À qui le remettre, et quand
Deux exemplaires suffisent : un pour la consultation du 8e mois à la maternité, à faire glisser dans votre dossier obstétrical, un pour votre carnet de santé maternité et la valise de maternité. Le moment idéal se situe entre 32 et 36 SA (30 à 34 SG), après l'échographie du 3e trimestre et avant que le terme n'approche.
Certains établissements proposent une trame type ou une consultation dédiée. D'autres n'en pratiquent pas : demandez-le lors de l'inscription à la maternité, la réponse en dit long sur les possibilités réelles. Si vos souhaits s'écartent nettement des protocoles de l'établissement, mieux vaut le savoir à 30 SA qu'en salle de naissance ; le choix de la maternité peut encore être revu.
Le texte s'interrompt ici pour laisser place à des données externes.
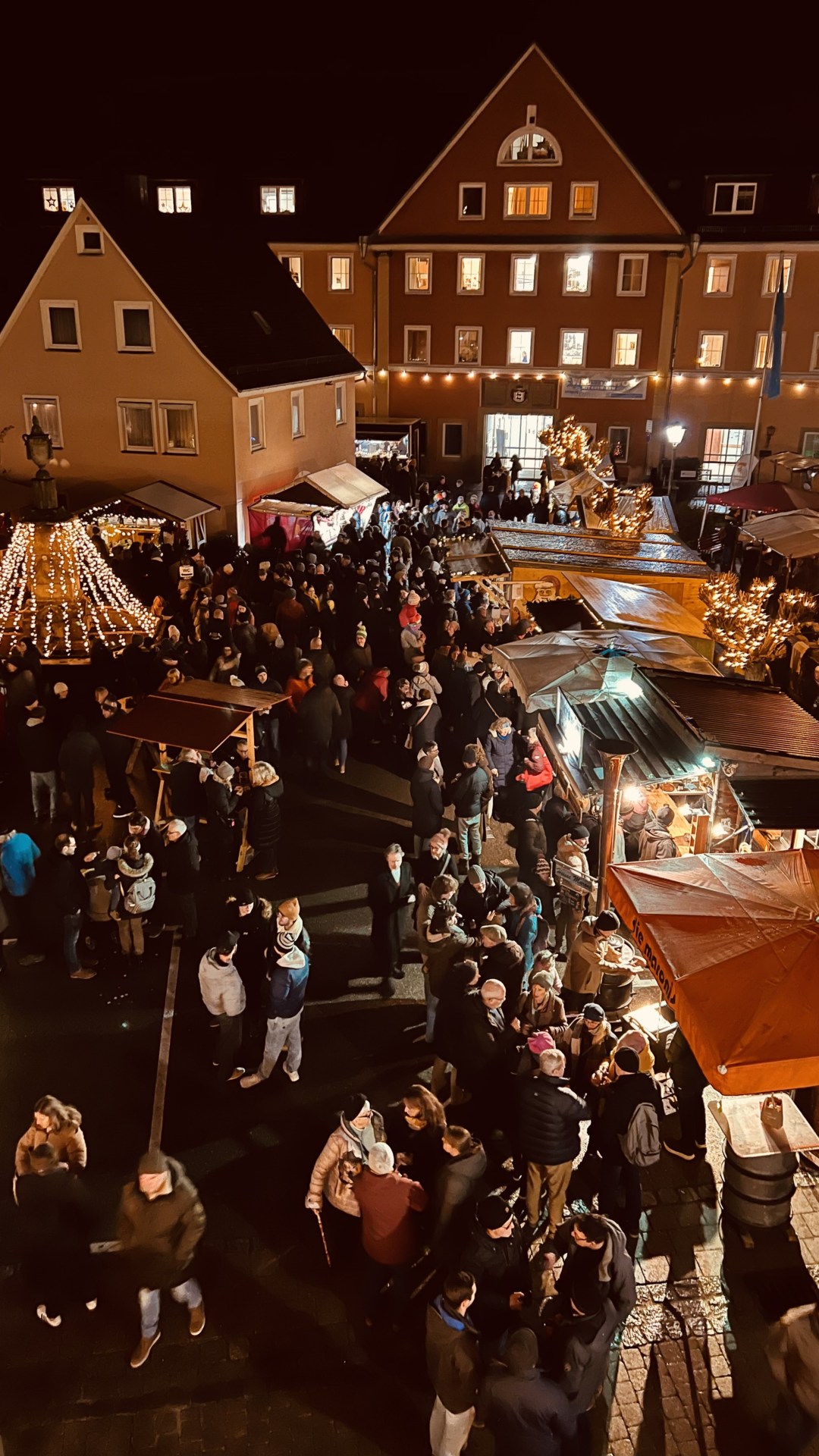 Schon am Freitag beginnt der Weihnachtsmarkt mit einem stimmungsvollen Warm-up vor dem Rathaus: Livemusik, leckere Speisen und Getränke sorgen für einen gemütlichen Auftakt.

Ce qui se passe si rien ne se déroule comme prévu
Une part importante des accouchements s'écarte du scénario envisagé, sans que cela traduise un échec. Un projet de naissance rédigé avec des priorités hiérarchisées, plutôt qu'une liste d'exigences, résiste mieux à l'imprévu : si la première ligne est « être informée de chaque décision », elle reste tenable même lors d'une césarienne en urgence. Après la naissance, le décalage entre le projet et le vécu mérite d'être verbalisé, avec la sage-femme lors de la visite à domicile ou à la consultation postnatale. Ce temps de reprise fait partie du suivi de la grossesse et prévient une partie des difficultés du post-partum.
Questions fréquentes
La maternité est-elle obligée de respecter le projet de naissance ?
Non. Aucun texte ne lui donne de valeur contraignante. En revanche, aucun acte ne peut être réalisé sans votre consentement, et l'équipe doit vous informer avant chaque décision. Le projet sert à ce que la discussion ait lieu en amont plutôt que dans l'urgence.
Quelle longueur pour être réellement lu ?
Une page recto, avec des phrases courtes et des priorités clairement hiérarchisées. Les documents longs sont rarement lus intégralement en salle de naissance, où le temps manque. Gardez les détails pour la discussion en consultation.
Peut-on refuser la péridurale par écrit puis changer d'avis ?
Oui, à tout moment, y compris après avoir écrit le contraire. Précisez d'ailleurs dans le projet comment vous souhaitez que le sujet soit abordé pendant le travail : proposition spontanée de l'équipe ou attente de votre demande.
Est-ce utile pour un deuxième enfant ?
Souvent davantage, car vous savez ce qui a manqué la première fois. Un projet court centré sur deux ou trois points précis, appuyé sur l'expérience précédente, est en général très bien accueilli par les équipes.
Sources : Haute Autorité de santé, recommandations sur l'accouchement normal et sur la préparation à la naissance ; Collège national des gynécologues et obstétriciens français ; Collège national des sages-femmes de France ; Code de la santé publique, droits des patients.